(Dataset items)
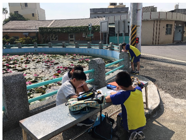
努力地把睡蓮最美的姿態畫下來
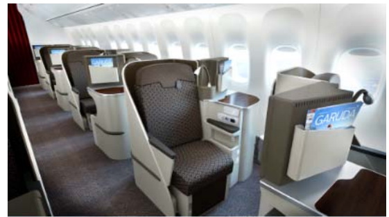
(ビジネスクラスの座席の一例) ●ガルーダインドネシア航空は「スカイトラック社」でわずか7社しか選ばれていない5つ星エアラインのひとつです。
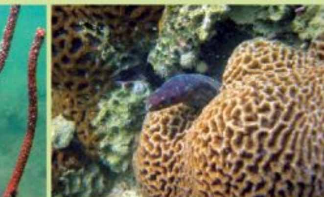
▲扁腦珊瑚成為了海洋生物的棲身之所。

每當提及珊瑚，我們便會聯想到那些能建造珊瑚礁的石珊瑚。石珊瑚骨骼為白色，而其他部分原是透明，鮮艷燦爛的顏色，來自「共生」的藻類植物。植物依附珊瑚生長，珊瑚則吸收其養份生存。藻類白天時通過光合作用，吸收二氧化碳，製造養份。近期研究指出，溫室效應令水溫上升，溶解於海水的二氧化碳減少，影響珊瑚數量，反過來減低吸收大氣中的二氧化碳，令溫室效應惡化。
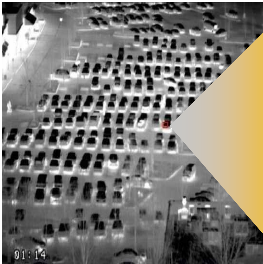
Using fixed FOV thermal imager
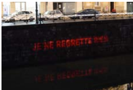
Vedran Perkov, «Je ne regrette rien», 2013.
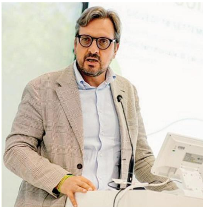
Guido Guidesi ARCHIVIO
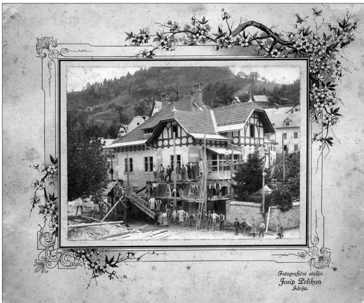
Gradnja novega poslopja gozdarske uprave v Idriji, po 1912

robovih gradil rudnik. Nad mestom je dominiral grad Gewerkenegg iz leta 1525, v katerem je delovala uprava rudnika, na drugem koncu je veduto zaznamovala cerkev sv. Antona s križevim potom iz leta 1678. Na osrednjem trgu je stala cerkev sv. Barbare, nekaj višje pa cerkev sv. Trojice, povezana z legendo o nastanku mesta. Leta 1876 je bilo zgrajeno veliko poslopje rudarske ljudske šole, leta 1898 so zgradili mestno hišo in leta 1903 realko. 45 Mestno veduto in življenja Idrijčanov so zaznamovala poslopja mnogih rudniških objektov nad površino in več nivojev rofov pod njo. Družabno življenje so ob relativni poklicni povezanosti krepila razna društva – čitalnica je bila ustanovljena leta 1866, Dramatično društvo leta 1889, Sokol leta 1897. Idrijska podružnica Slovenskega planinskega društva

> _WHAT IS EXPECTED_: An exact copy of the lines from the one with "每當提及珊瑚，我們便會聯想到" through the last line of the records, inclusive, is required, with all pictures left out.

> _TASK ANSWER_:
每當提及珊瑚，我們便會聯想到那些能建造珊瑚礁的石珊瑚。石珊瑚骨骼為白色，而其他部分原是透明，鮮艷燦爛的顏色，來自「共生」的藻類植物。植物依附珊瑚生長，珊瑚則吸收其養份生存。藻類白天時通過光合作用，吸收二氧化碳，製造養份。近期研究指出，溫室效應令水溫上升，溶解於海水的二氧化碳減少，影響珊瑚數量，反過來減低吸收大氣中的二氧化碳，令溫室效應惡化。
Using fixed FOV thermal imager
Vedran Perkov, «Je ne regrette rien», 2013.
Guido Guidesi ARCHIVIO
Gradnja novega poslopja gozdarske uprave v Idriji, po 1912

robovih gradil rudnik. Nad mestom je dominiral grad Gewerkenegg iz leta 1525, v katerem je delovala uprava rudnika, na drugem koncu je veduto zaznamovala cerkev sv. Antona s križevim potom iz leta 1678. Na osrednjem trgu je stala cerkev sv. Barbare, nekaj višje pa cerkev sv. Trojice, povezana z legendo o nastanku mesta. Leta 1876 je bilo zgrajeno veliko poslopje rudarske ljudske šole, leta 1898 so zgradili mestno hišo in leta 1903 realko. 45 Mestno veduto in življenja Idrijčanov so zaznamovala poslopja mnogih rudniških objektov nad površino in več nivojev rofov pod njo. Družabno življenje so ob relativni poklicni povezanosti krepila razna društva – čitalnica je bila ustanovljena leta 1866, Dramatično društvo leta 1889, Sokol leta 1897. Idrijska podružnica Slovenskega planinskega društva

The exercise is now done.